Work task
Retype each line of the data below exactly, beginning with the first and ending with the one that contains "A gorgeous four-strand". Pictures do not belong in the copy.

<<<<

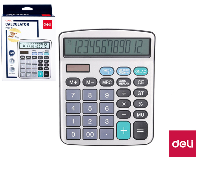 12 místný displej- velký displej- kovový povrch- plastová tlačítka- napájení solární / baterie- obsahuje tlačítko suma, procenta, výpočet marže, krok zpět- automatické vypnutí- paměť 3 tlačítka- kontrola 120 kroků- oprava C- automatické vyvolání- snadný náhled- rozměr 180,7 x 144,2 x 39,7mm
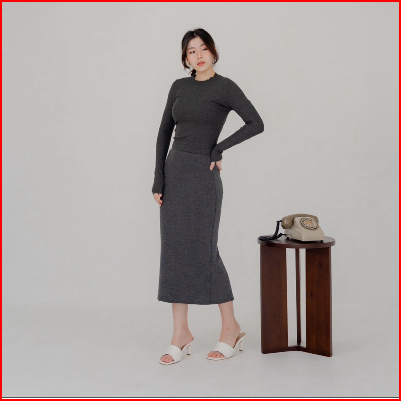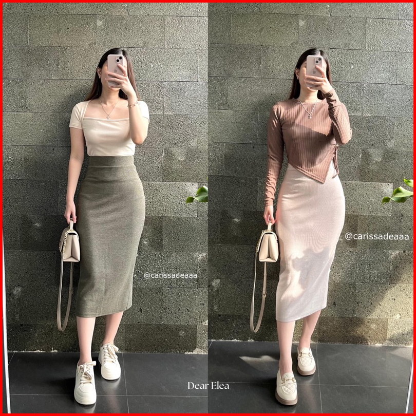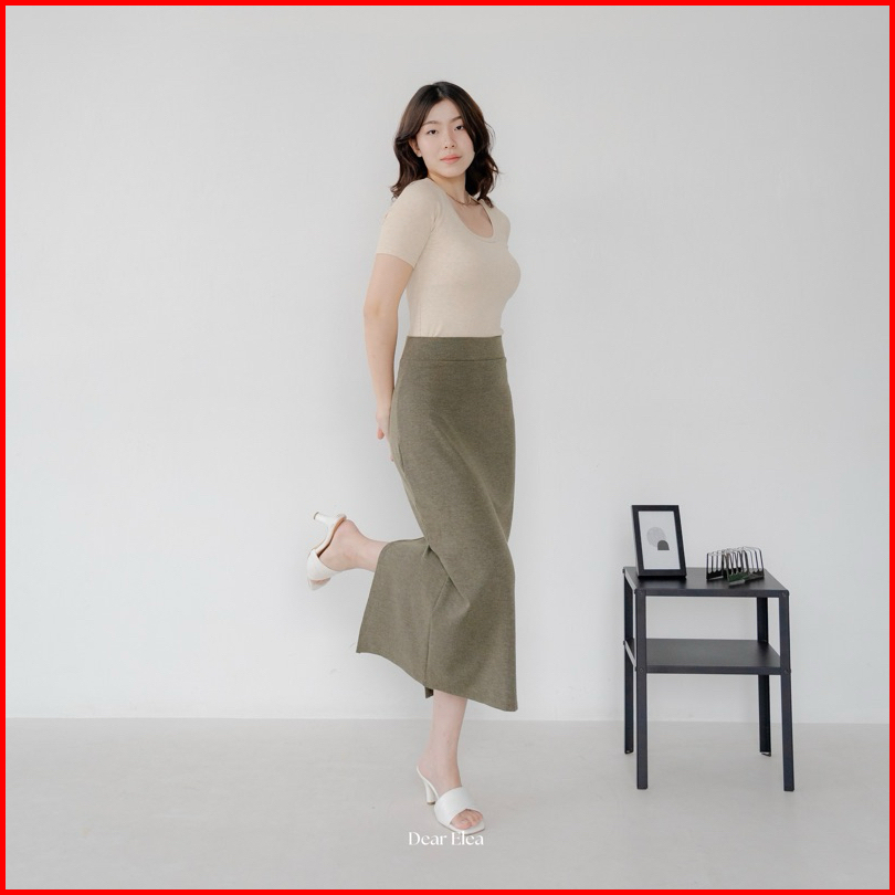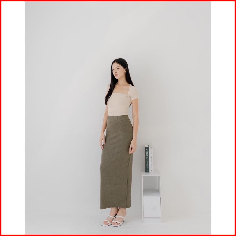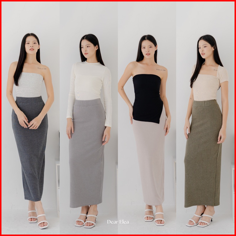 Dear Elea - Sora Skirt Rib Knit Midi Skirt Maxi Skirt Rok Wanita Panjang Rok Span Hitam
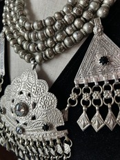 A gorgeous four-strand Kashmir necklace. The colored ornaments have been replaced with monotone colors.
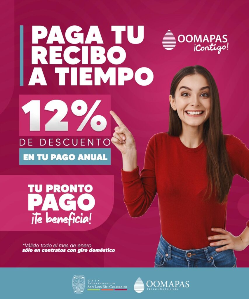 San Luis Río Colorado, Sonora (Enero 30 de 2024).- A dos días de que termine el mes de enero, el Oomapas reitera la invitación a la comunidad a aprovechar los descuentos de pronto pago anual con la campaña “Paga tu recibo a tiempo”.
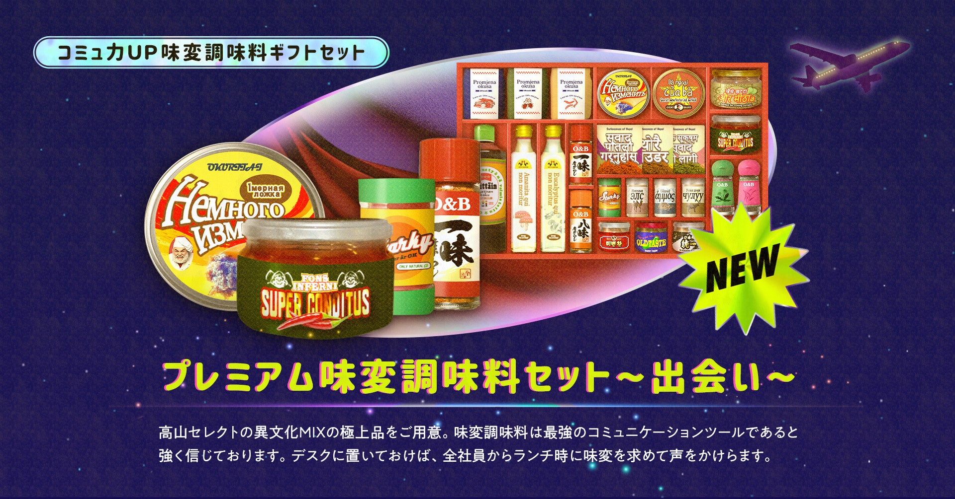 高山セレクトの異文化MIXの極上品をご用意。味変調味料は最強のコミュニケーションツールであると強く信じております。デスクに置いておけば、全社員からランチ時に味変を求められて声をかけられます。
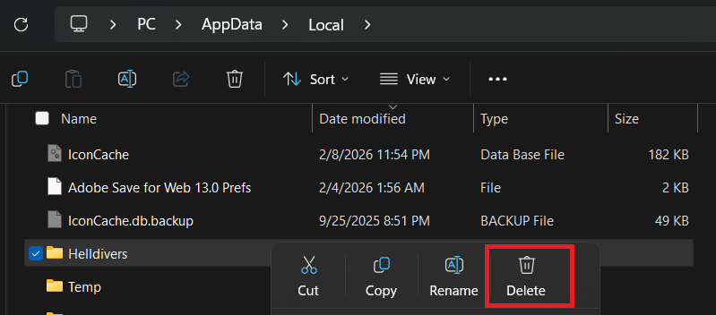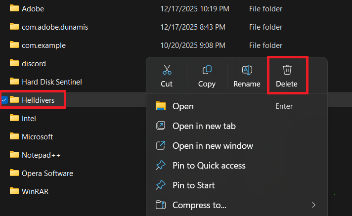 Removing Helldivers 2-related folders from the AppData directories can help because these locations store local configuration files, cached data, and other profile-specific files used during startup. If any of that local data becomes corrupted or outdated after an update or failed launch, it can interfere with GameGuard initialization and trigger Error Code 120.

>>>>

Task answer
 12 místný displej- velký displej- kovový povrch- plastová tlačítka- napájení solární / baterie- obsahuje tlačítko suma, procenta, výpočet marže, krok zpět- automatické vypnutí- paměť 3 tlačítka- kontrola 120 kroků- oprava C- automatické vyvolání- snadný náhled- rozměr 180,7 x 144,2 x 39,7mm
 Dear Elea - Sora Skirt Rib Knit Midi Skirt Maxi Skirt Rok Wanita Panjang Rok Span Hitam
 A gorgeous four-strand Kashmir necklace. The colored ornaments have been replaced with monotone colors.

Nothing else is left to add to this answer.